Fine-tuned on a French Bulletin Officiel document layout dataset built in the layoutlmv3-bo pipeline.

Source documents (document-level split, no page leakage)

Document	Pages	Split
`BO_7492_fr.pdf`	90	train
`BO_7506_Fr.pdf`	100	train
`BO_7496_Fr.pdf`	13	train
`BO_7514_Fr.pdf`	4	train
`BO_7510_Fr.pdf`	32	val
`BO_7500_Fr.pdf`	26	test

Segment statistics

Split	Segments
Train	783 (+ augmentation)
Val	221
Test	147

265 annotated pages across 6 PDFs
1,172 annotated layout regions (bounding boxes)
126,579 OCR words (PyMuPDF + EasyOCR hybrid on sparse pages)
Words inside each GT region form one training example (≥2 words per segment)
Augmentation: rare-class oversampling (×3), bbox jitter (±2 px)

Full dataset documentation: metadata/DATASET.md
Split manifest: metadata/split_manifest.json
Label schema: metadata/segment_label_schema.json

Training hyperparameters

Parameter	Value
Epochs requested	60
Epochs completed	19 (early stopping, patience 8)
Batch size (per device)	4
Gradient accumulation	2
Learning rate	2e-5
Weight decay	0.01
Warmup ratio	0.1
Optimizer metric	`f1_macro`
FP16	true
Class weights	inverse-frequency (segment_class_weights.json)

Training config: metadata/logs/run_config_segments_overnight.json
Per-epoch val metrics: metadata/logs/segments_overnight_20260619_015948_epochs.json
Step-level log: metadata/logs/training_log_segments.json

Evaluation results

Held-out test set (`BO_7500_Fr.pdf`, 147 segments)

Metric	Value
Accuracy	0.9728
F1 macro	0.8500
F1 micro	0.9728
Precision macro	0.8492
Recall macro	0.8535

Per-class F1 (test)

Class	F1
ARTICLE	1.000
FOOTER	1.000
SOMMAIRE	1.000
TABLE	1.000
TITLE	0.950
PREAMBLE	0.941
ANNEXE_TITLE	0.909
CHAPTER_TITLE	0.000 (0 support in test)

Full metrics: metadata/evaluation/metrics.json
Classification report: metadata/evaluation/classification_report.txt
Aligned predictions: metadata/evaluation/aligned_predictions.json

Evaluation plots

All plots live under evaluation/plots/ (22 files: 7 summary charts + 15 test-set page overlays on BO_7500_Fr.pdf).

Summary charts

Plot	File
Color legend (14 BO classes)	`00_color_legend.png`
Segments per class (dataset)	`01_segments_per_class.png`
Training / validation curves	`01_training_curves.png`
Confusion matrix (raw counts)	`03_confusion_raw.png`
Confusion matrix (normalized)	`03_confusion_norm.png`
Per-class F1 (test)	`04_per_class_f1.png`
Train segment distribution	`05_train_segment_distribution.png`

Test-set page overlays (`BO_7500_Fr.pdf`)

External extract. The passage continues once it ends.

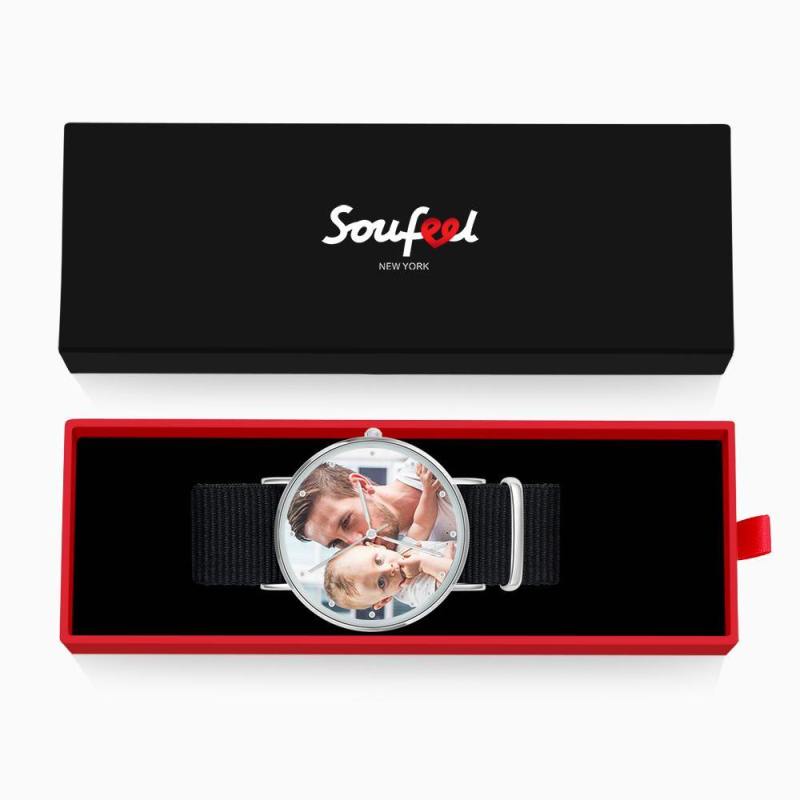 Surprise your loved one with a custom photo watch which is purely custom made to fit any personality. The image of design is directly printed onto the inside of watch surface. A custom photo watch always makes a great gift and will never go out of style. We can personalise the reverse of the watch with a message, Carefully engraved, it forever remembers your message.This watch is our signature masterpiece, the perfect fusion of minimalism and sophistication. Dressed up or down, it's sure to punctuate the look and will make a perfect gift for your loved ones, or even a treat for yourself! Soufeel has a ton of customized jewelry options that are reasonably priced and make for great gifts for all sorts of occasions like birthdays, holidays, anniversaries,Father's day. Father's Gift - Personalized Engraved Watch, Custom Your Own Photo Watch with Black Strap.

Predicted segment labels overlaid on held-out test pages (one color per BO class; see legend above).

Page	File
page 002	`overlay_BO_7500_Fr__doc7__page_002.png`
page 006	`overlay_BO_7500_Fr__doc7__page_006.png`
page 007	`overlay_BO_7500_Fr__doc7__page_007.png`
page 016	`overlay_BO_7500_Fr__doc7__page_016.png`
page 017	`overlay_BO_7500_Fr__doc7__page_017.png`
page 018	`overlay_BO_7500_Fr__doc7__page_018.png`
page 019	`overlay_BO_7500_Fr__doc7__page_019.png`
page 021	`overlay_BO_7500_Fr__doc7__page_021.png`
page 022	`overlay_BO_7500_Fr__doc7__page_022.png`
page 023	`overlay_BO_7500_Fr__doc7__page_023.png`
page 025	`overlay_BO_7500_Fr__doc7__page_025.png`
page 026	`overlay_BO_7500_Fr__doc7__page_026.png`
page 029	`overlay_BO_7500_Fr__doc7__page_029.png`
page 030	`overlay_BO_7500_Fr__doc7__page_030.png`
page 032	`overlay_BO_7500_Fr__doc7__page_032.png`

Usage

from transformers import LayoutLMv3ForSequenceClassification, LayoutLMv3Processor
from PIL import Image

model_id = "AvoCahDoe/layoutlmv3-bo-segments"
processor = LayoutLMv3Processor.from_pretrained("microsoft/layoutlmv3-base", apply_ocr=False)
model = LayoutLMv3ForSequenceClassification.from_pretrained(model_id)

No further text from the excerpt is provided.